The Mercer Oak, the original tree under which Mercer was wounded, fell during a storm in 2000 after standing as a battlefield landmark for over 200 years. A descendant tree, grown from acorns of the original, now grows in the same spot.
The Ionic Colonnade, a small classical structure on the eastern edge of the battlefield, built in the early 20th century to mark the site. It is a popular photo location and orientation point for self-guided walks.
The open battlefield itself — perhaps the most affecting feature of the park. Unlike Gettysburg or Saratoga, Princeton Battlefield is mostly open farmland, much as it was in 1777. You can walk across the field where the battle was fought. The orchard is gone but the topography is largely the same. Standing at the eastern edge of the field looking west, you are looking across the ground the British forces marched across at dawn.
Self-guided walking trails with informational placards describe the morning's events in sequence. The placards are short, factually accurate, and place the events in time.
Princeton Battlefield Society Visitor Center runs occasional reenactment events, walking tours, and lectures. The society is the volunteer organization that has worked over decades to preserve and expand the battlefield park; their website lists upcoming events.

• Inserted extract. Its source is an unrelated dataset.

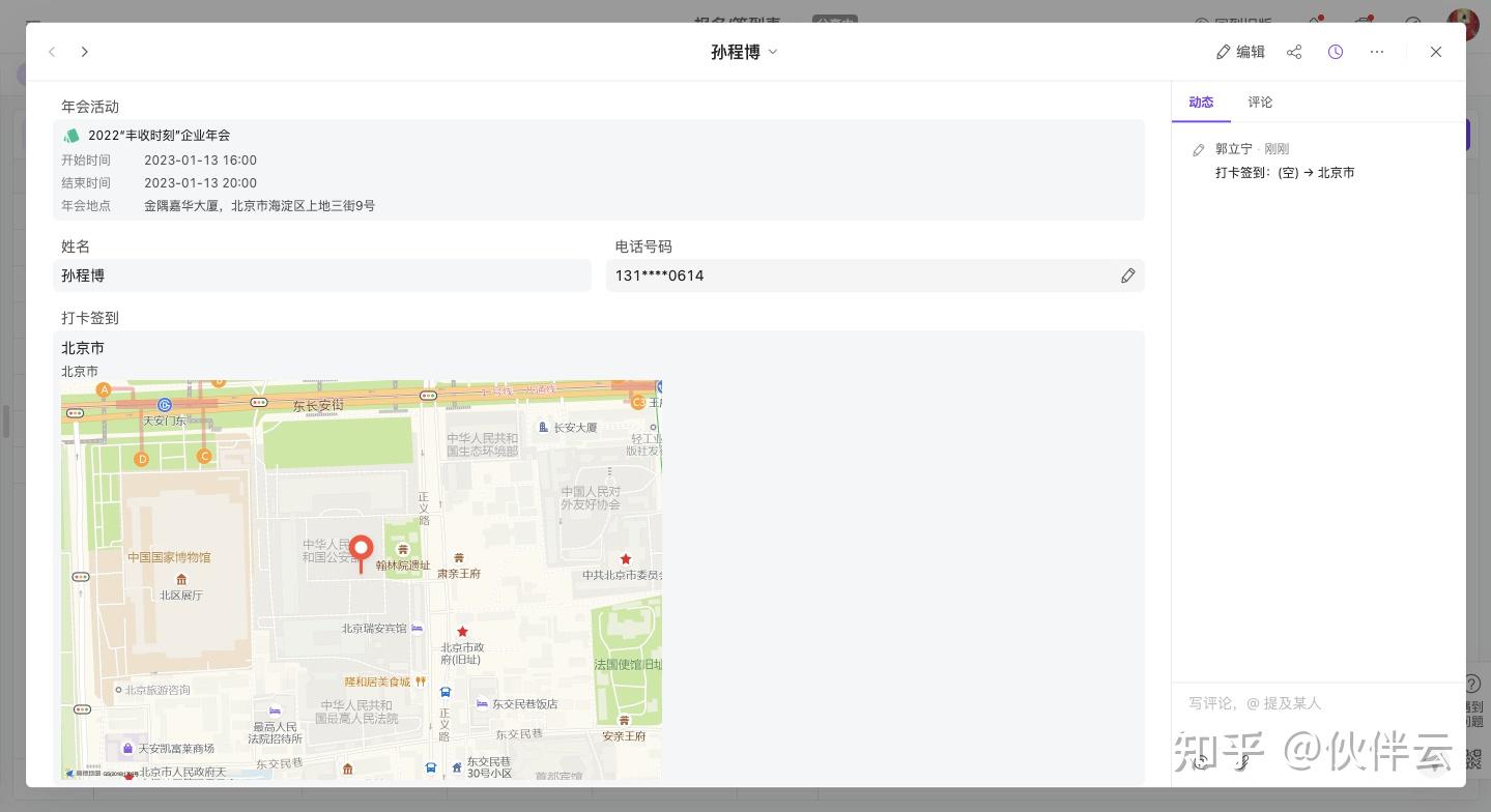模板里还自带了位置打卡签到,超清地图能精准定位到年会场地。

A reasonable visit is about two hours: an hour walking the battlefield with the placards, a half hour at the Clarke House, and a half hour at the Ionic Colonnade and the surrounding monuments. Combined with the campus visit and a stop at Nassau Hall (which has a direct physical connection to the battle through the bullet hole and the captured cannons), the battlefield gives a full picture of what happened in Princeton on January 3, 1777.
Logistics
The park is at 500 Mercer Road, about a 20-minute walk from Nassau Hall or a five-minute drive. Parking at the park is free. The grounds are open dawn to dusk; the Clarke House and visitor center have published hours that vary seasonally. There is no admission fee.
Spring and fall are the best visit windows; the open fields are striking in October and again in late April. Summer afternoons on the unshaded battlefield can be hot. Winter visits — particularly around the anniversary in early January — have a particular weight to them; the actual battle was fought in temperatures similar to a typical New Jersey January day.

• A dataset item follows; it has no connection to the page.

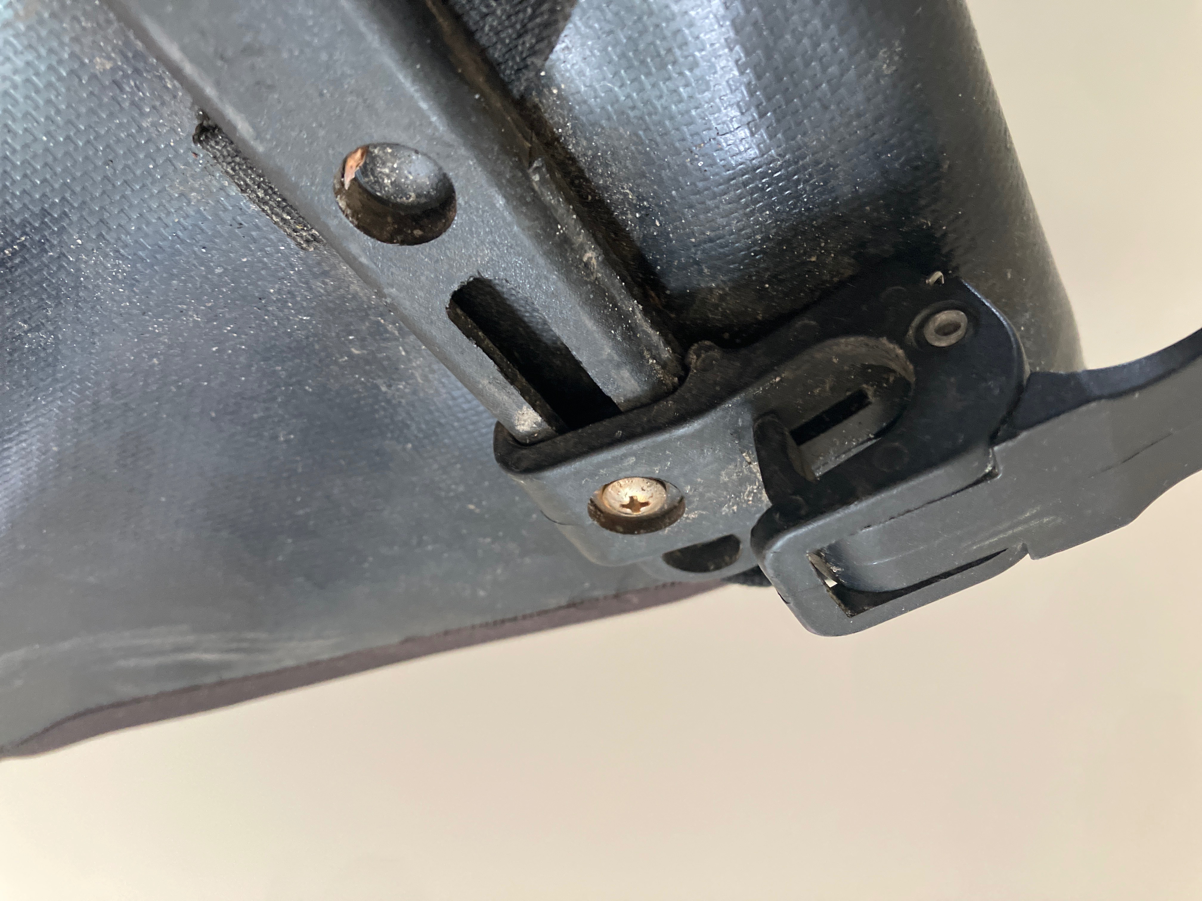 Ik heb een oud model fietstas met rol sluiting van de biltema (een soort Zweedse gamma) Nu is bij een tas 1 ophang haak gedeeltelijk doormidden. Heeft iemand een idee of de ophang haken misschien te vervangen zijn met een ander merk wat in Nederland te verkrijgen is? Want verder zijn de tassen nog goed. Als bijlage foto van het systeem (deze is nog heel)

A good combined day-trip from the campus: morning campus tour and Front Campus walk; lunch in Palmer Square; afternoon at Princeton Battlefield State Park; late afternoon tour of Morven Museum and Garden or the Drumthwacket governor's mansion (open to visitors on certain Wednesdays). The whole day knits together the colonial-and-Revolutionary history that the modern university campus is built on top of.